_ABOUT THIS EXERCISE_
The line with "據(jù)Live Scor" marks the first line to copy, and the line with "Також кременчужанка додала" marks the last. Transcribe that stretch of the data below exactly, without pictures.
[TASK INPUTS — start]
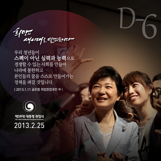 ⓒ 대통령직 인수위원회 △ 'D-6' 웹 포스터에는 박 당선인이 청년들과 찍은 사진과 함께 '청년들이 스펙이 아닌 실력과 능력으로 경쟁할 수 있는 사회를 만들겠다'는 지난 1월11일 글로벌 취업창업대전에서의 메시지가 담겼다.
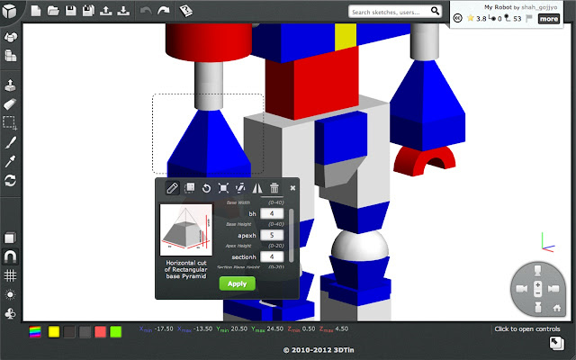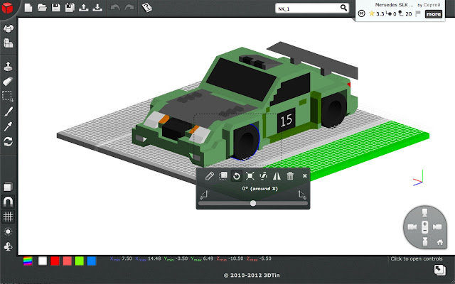 3D Modeling tool that runs in browser 3DTin is a 3D Modeler that runs in your browser. You can .. * design models by placing cubes of different colors on top of each other. * creat shapes from standard templates (WebGL required) * save the sketches in cloud * export the sketches in standard 3D file formats - STL, OBJ, Collada For best user experience, make sure you have WebGL enabled in your browser. For WebGL to work you need a decent graphics card. (If you are still having a problem check this link http://bit.ly/epLszC) Blog: http://blog.3dtin.com Twitter: http://twitter.com/3dtin Facebook: http://www.facebook.com/3DTin
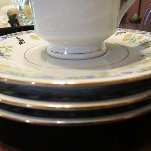 Vintage Victorian Porcelain Footed Floral Tea Set 3 Cups/4 Plates
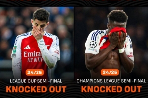 據(jù)Live Score統(tǒng)計(jì),阿森納各項(xiàng)賽事近4次半決賽皆出局,這是該俱樂(lè)部歷史上最長(zhǎng)的半決賽連續(xù)出局紀(jì)錄。
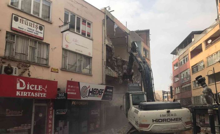 Malatya’nın Saray Mahallesi’nde depremde ağır hasar gören bir bina daha kontrollü bir şekilde yıkıldı.
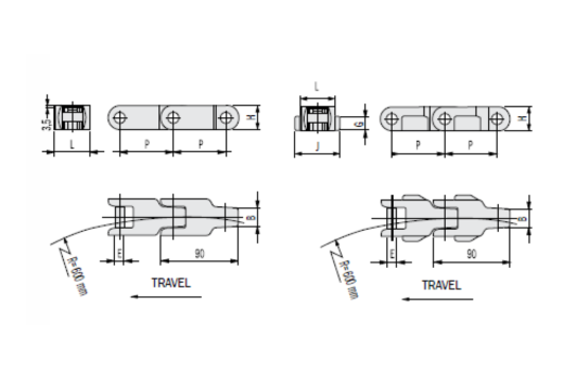Pza. 9050 - Cadena C600 p. 65mm sin TAB PP - PERNO INOXIDABLE AISI 304
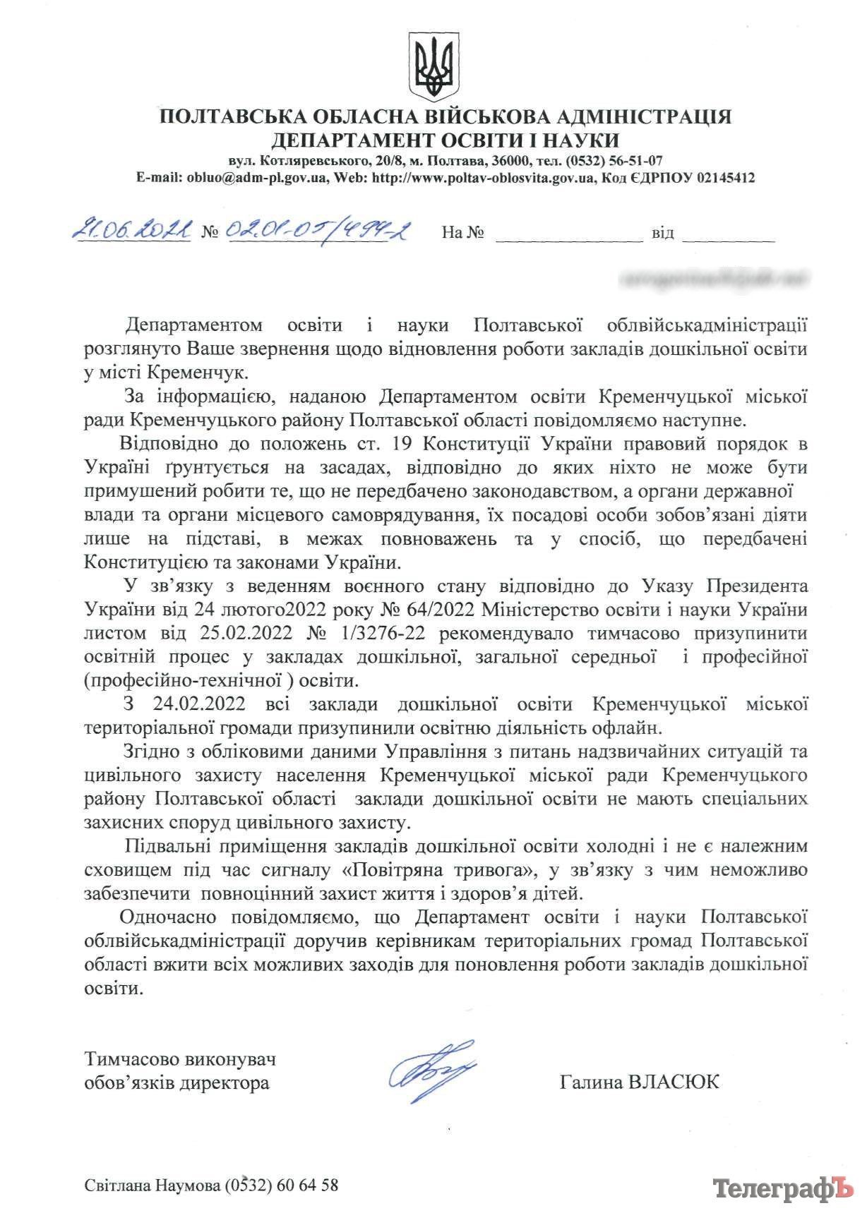 Також кременчужанка додала відповідь на її звернення до департаменту освіти нашого міста. Там, як і раніше, той факт, що дитячі садки не працюють, пояснюють відсутністю укриттів і холодними підвалами.
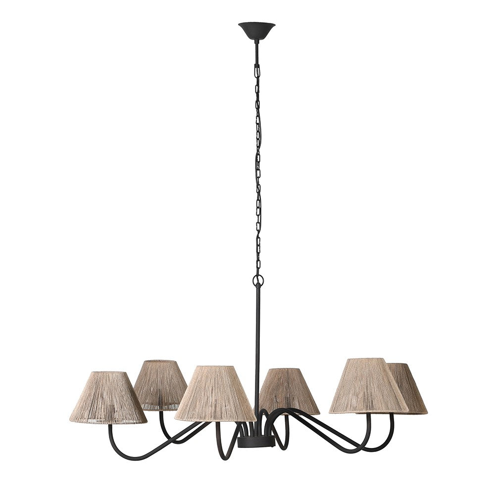 The Isobella chandelier is inspired by traditional interiors, six hand-knotted raffia shades are carefully wrapped around a matte, blackened brass plated frame at varying heights to create a standout effect.
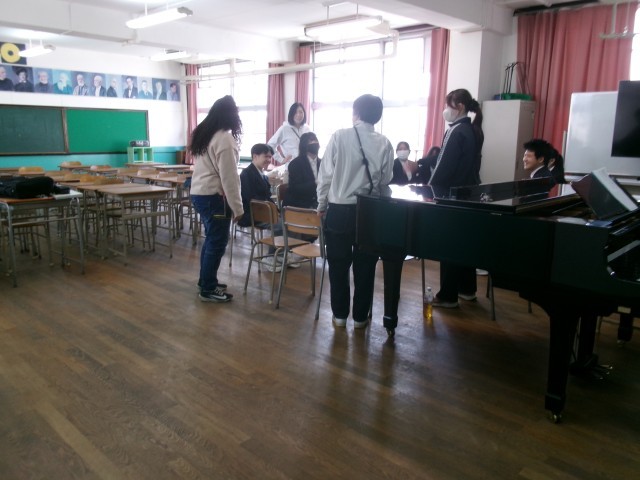 音楽部は、卒業生に感謝の気持ちをこめて寄せ書きの色紙を作っています。
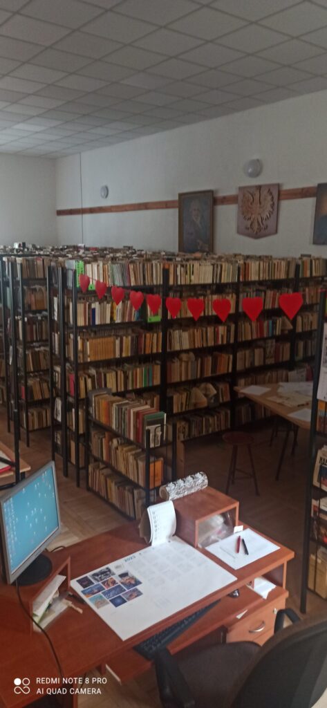 Na korytarzu przed biblioteką została wykonana tablica na temat poezji miłosnej oraz walentynek. Przygotowano też ekspozycję książek tematycznie związanych z tym świętem.
[TASK INPUTS — finish]
_ANSWER SPACE_
 據(jù)Live Score統(tǒng)計(jì),阿森納各項(xiàng)賽事近4次半決賽皆出局,這是該俱樂(lè)部歷史上最長(zhǎng)的半決賽連續(xù)出局紀(jì)錄。
 Malatya’nın Saray Mahallesi’nde depremde ağır hasar gören bir bina daha kontrollü bir şekilde yıkıldı.
Pza. 9050 - Cadena C600 p. 65mm sin TAB PP - PERNO INOXIDABLE AISI 304
 Також кременчужанка додала відповідь на її звернення до департаменту освіти нашого міста. Там, як і раніше, той факт, що дитячі садки не працюють, пояснюють відсутністю укриттів і холодними підвалами.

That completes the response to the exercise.